§ **RECORD EXTRACTS**
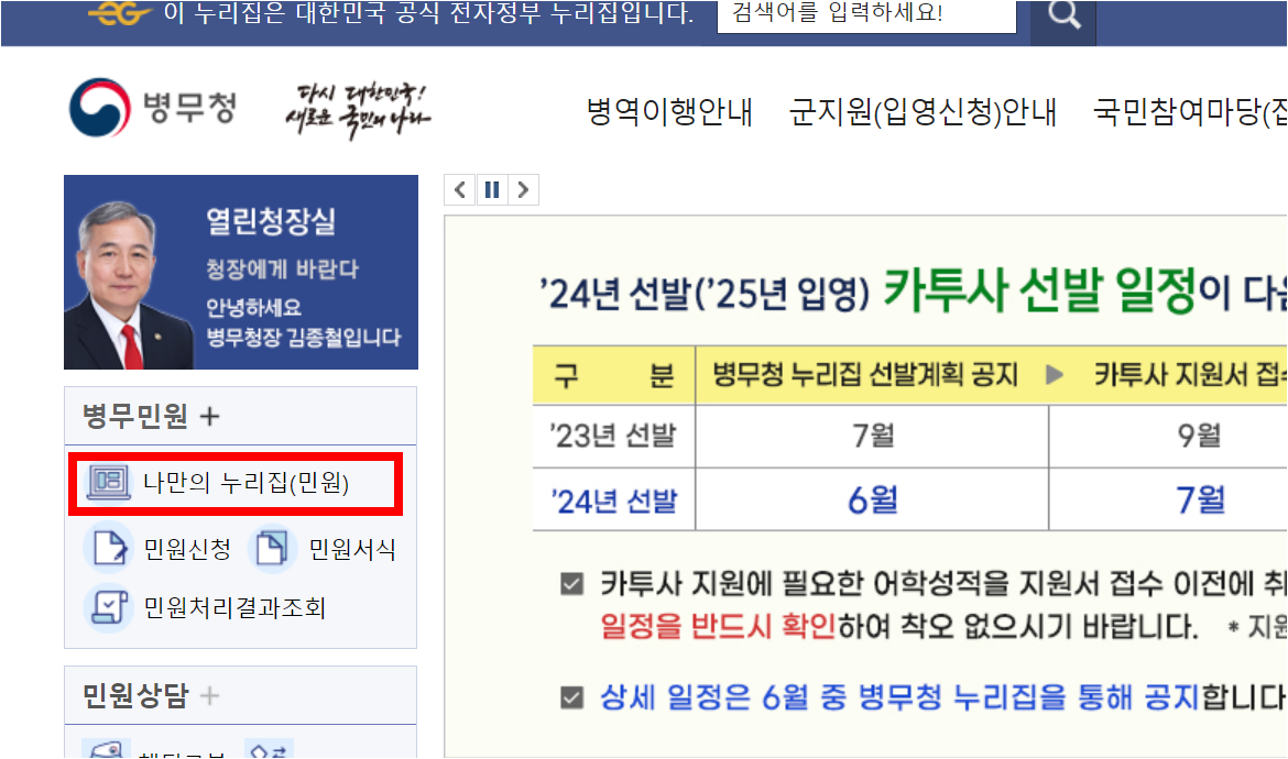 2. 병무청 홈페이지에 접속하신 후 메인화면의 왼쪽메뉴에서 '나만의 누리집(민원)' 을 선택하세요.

* * *

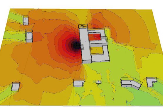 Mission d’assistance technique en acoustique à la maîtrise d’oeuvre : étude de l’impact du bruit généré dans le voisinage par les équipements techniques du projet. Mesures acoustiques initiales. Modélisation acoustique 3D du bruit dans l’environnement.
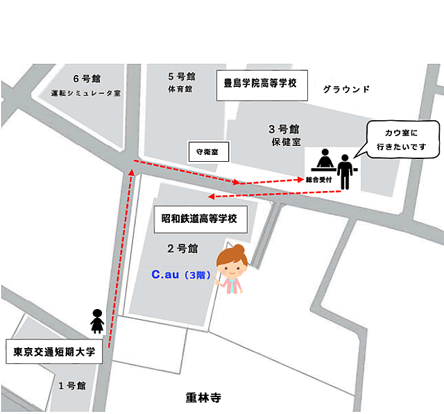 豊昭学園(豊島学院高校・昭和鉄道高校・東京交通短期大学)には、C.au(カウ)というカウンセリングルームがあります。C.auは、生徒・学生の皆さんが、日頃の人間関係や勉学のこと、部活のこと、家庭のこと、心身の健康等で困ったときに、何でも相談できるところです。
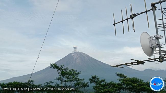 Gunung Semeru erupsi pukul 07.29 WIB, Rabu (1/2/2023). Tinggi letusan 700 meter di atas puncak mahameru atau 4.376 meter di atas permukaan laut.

§ **ACTIVITY**
Go to the line above that contains "Mission d’assistance technique" and reproduce everything exactly from there through the line that contains "豊昭学園(豊島学院高校・昭和", leaving out the pictures.

§ **ANSWER SPACE**
 Mission d’assistance technique en acoustique à la maîtrise d’oeuvre : étude de l’impact du bruit généré dans le voisinage par les équipements techniques du projet. Mesures acoustiques initiales. Modélisation acoustique 3D du bruit dans l’environnement.
 豊昭学園(豊島学院高校・昭和鉄道高校・東京交通短期大学)には、C.au(カウ)というカウンセリングルームがあります。C.auは、生徒・学生の皆さんが、日頃の人間関係や勉学のこと、部活のこと、家庭のこと、心身の健康等で困ったときに、何でも相談できるところです。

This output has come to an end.